Auditor general says oil and gas commission hasn’t ensured companies will pay cleanup costs.
The polluter-pay approach isn’t working in British Columbia’s oil and gas patch.
The province’s energy regulator hasn’t secured enough money from companies to cover the estimated $3-billion cleanup costs for 10,672 inactive oil and gas sites, says a new report by B.C. auditor’s general.
But that’s only the beginning of a long list of deficiencies in the B.C. Oil and Gas Commission’s approach to managing the rising environmental and financial risks posed by inactive wells, pipelines and other industry infrastructure, according to the report by Auditor General Carol Bellringer.
In addition to not collecting enough security deposits, the regulator has failed to demand that operators decommission inactive wells in a timely fashion due to “gaps” in legislation.
With no legal requirement to clean up old wells, the industry has predictably let the number of inactive wells grow from 3,800 to 7,474 between 2007 and 2018.
“The increase in the numbers is significant,” Bellringer said during a Vancouver news conference.

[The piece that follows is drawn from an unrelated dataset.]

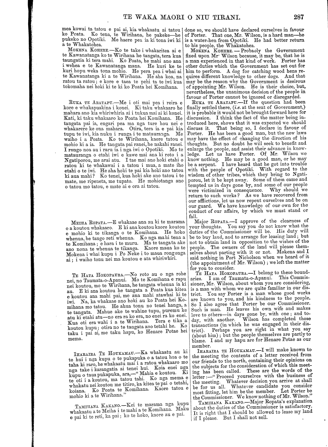 TE WAKA MAORI O NIU TIRANI. 287 mea kowai ta tatou e pai ai, kia whakaatu ai tatou ko Poata. Ko tena, te Wirihana, he pakeke—he pukeko no Opotiki. Me haere pea ia ki tona iwi ki a te Whakatohea. MOKENA KOHERE. te take i whakaritea ai e te Kawanatanga ko te Wirihana he tangata, tera kua taungatia ki tera mahi. Ko Poata, he mahi ano ana i wehea e te Kawanatanga mana. He kuri ke te kuri hopu weka tona mohio. He pera pea i whai ai te Kawanatanga ki a te Wirihana. He aha koa, na ratou ta ratou; e kore e taea te pehi ta te iwi kua tokomaha nei hoki ki te ki ko Poata hei Komihana. RUKA TE ARATAPU—Me i oti mai pea i reira e kore e whakapuakina i konei. Ki taku whakaaro he mahara ano kia whiriwhiria ai i tukua mai ai ki konei. Kati, ki taku whakaaro ko Poata hei Komihana. He tangata pai ia, engari pea ma nga ture hou nei e whakarere ke ona mahara. Otira, tera ia e pai kia tupu te iwi, kia nuku i runga i te matauranga. Me waiho i a Poata. Ko te Wirihana, kaore tatou e mohio ki a ia. He tangata pai ranei, he nakahi ranei. I rongo noa au i raru ia i nga iwi o Opotiki. Mo te matauranga o etahi iwi e kawe mai ana ki roto i a Ngatiporou, me arai atu. I tae mai ano hoki etahi o ratou ki te whakawai i a tatou i mua, a mate iho etahi o te iwi. He aha hoki te pai kia hoki ano tatou ki aua mahi ? Ko tenei, kua hoki ake ano tatou i te mate, me ripeneta, me tupato. He mohiotanga ano o tatou mo tatou, e mate ai e ora ai tatou. MEIHA ROPATA.—E whakaae ana au ki te marama o a koutou whakaaro. E ki ana koutou kaore koutou e mohio ki te tikanga o te Komihana. He hoko whenua, he tango reti whenua. Ko nga mahi tena a te Komihana ; e hara i te muru. Ma te tangata ake ano nona te whenua te tikanga. Kaore maua ko te Mokena i whai kupu i Po Neke i to maua rongonga ai : i waiho tonu nei ma koutou e ata whiriwhiri. TE HATA HOKOPAURA.—No roto au o nga rohe nei, no Taumata-o-Apanui. Mo te Komihana e rapu nei koutou, mo te Wirihana, he tangata whenua ia ki au. E ki ana koutou he tangata a Poata kua kitea e koutou ana mahi pai, me ana mahi atawhai ki te iwi. Na, ka whakaae ano hoki au ko Poata hei Ko- mihana mo tatou. He ahua tonu no tenei hanga, a te tangata. Mahue ake te wahine tupu, puremu ke atu ki etahi atu—no era ra ko era, no enei ra ko enei. Kua oti era wahi i a te Wirihana. Tera e tika a koutou kupu; otira no te tangata ano tetahi he. Ko taku i pai ai, me taku hapu, ko Henare Potae hei mema. IHARAIRA TE HOUKAMAU—Ka whakaatu au ki te hui i nga kupu o te pukapuka o a tatou hoa o te taha ki raro, he whakaatu mai i a ratou whakaaro mo nga take i karangatia ai tenei hui. Koia enei nga kupu o taua pukapuka, ara,—" Mahia e koutou. Ki te oti i a koutou, ma tatou tahi. Ko nga mema e whakatu nei koutou me titiro, ka kitea te pai o tetahi, koiana. Ko Poata te Komihana. Kaore tatou e mohio ki a te Wirihana." TAMIHANA. KAKANO.—Kei te marama nga kupu whakaatu a te Meiha i te mahi a te Komihana. Maku e pai ki te reti, ka pai; ko te hoko, kaore au e pai. done so, we should have declared ourselves in favour of Porter. That one, Mr. Wilson, is a hard man—he is a water-hen from Opotiki. He had better return to his people, the Whakatohea. MOKENA KOHEKE.—Probably the Government fixed upon Mr Wilson because, it may be, that he is a man experienced in that kind of work. Porter has other duties which the Government has set out for him to perform. A dog for catching wood hens re- quires different knowledge to other dogs. And that may be the reason why the Government is desirous of appointing Mr. Wilson. He is their choice, but nevertheless, the unanimous decision of the people in favour of Porter cannot be ignored or disregarded. RUKA. TE ARATAPU.—If the question had been finally settled there, (i.e. at the seat of Government,) it is probable it would not be brought forward here for discussion. I think the fact of the matter being in- troduced here, shows that it was expected we should discuss it. That being so, I declare in favour of Porter. He has been a good man, but the new laws may have the effect of changing the direction of his thoughts. But no doubt he will seek to benefit and enlarge the people, and assist their advance in know- ledge. Let us have Porter. Of Mr- Wilson we know nothing. He may be a good man, or ho may be a serpent. I have heard that he got into trouble with the people of Opotiki. With regard to the wisdom of other tribes, which they bring to Ngati- porou, let it be kept away. Some of them came and tempted us in days gone by, and some of our people were victimized in consequence. Why should we return to such works ? As we have recovered from our afflictions, let us now repent ourselves and be on our guard. We have knowledge of our own for the conduct of our affairs, by which we must stand or fall. Major ROPATA.—I approve of the clearness of your thoughts. You say you do not know what the duties of the Commissioner will be. His duty will be to buy land, and to arrange for leasing land ; but not to obtain land in opposition to the wishes of the people. The owners of the land will please them- selves about parting with it or not. Mokena and I said nothing in Port Nicholson when we heard of it (the appointment of Mr. Wilson) ; we left the matter for you to consider. TE HATA. HOKOPAURA.—I belong to these bound- aries. I am of Taumata-o-Apanui. This Commis- sioner, Mr. Wilson, about whom you are considering, is a man with whom we are quite familiar in our dis- trict. You say Porter is a man whose good works are known to you, and his kindness to the people. So I also agree that Porter be our Commissioner. Such is man. He leaves his own wife and makes love to others—in days gone by, with ono ; and to- day, with another. Wilson has completed those transactions (in which he was engaged in their dis- trict). Perhaps you are right in what you say (about him) ; but the people themselves are partly to blame. I and my hapu are for Henare Potae as our member. IHARAIRA TE HOUKAMAU.—I will make known to th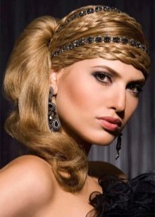 - The evening version of the hairstyle implies brilliance. Feel free to experiment and choose bright elements to create, including a diadem and hairpins with rhinestones.

Unlike North Dakota where industry has two years to clean up a well once it stops producing, B.C. has no defined time limits.
The government has promised to introduce changes shortly.
The report noted that the province’s Orphan Site Reclamation Fund is effectively bankrupt.
The number of orphaned sites abandoned by insolvent operators has grown from 45 wells in 2015 to 326 wells today.
According to the regulator estimates, it costs an average $370,000 to cement and reclaim a well.
As a result the agency could face more than $120 million in cleanup costs for the 326 orphaned wells. The fund’s operating budget for 2017/18 was $5.3 million.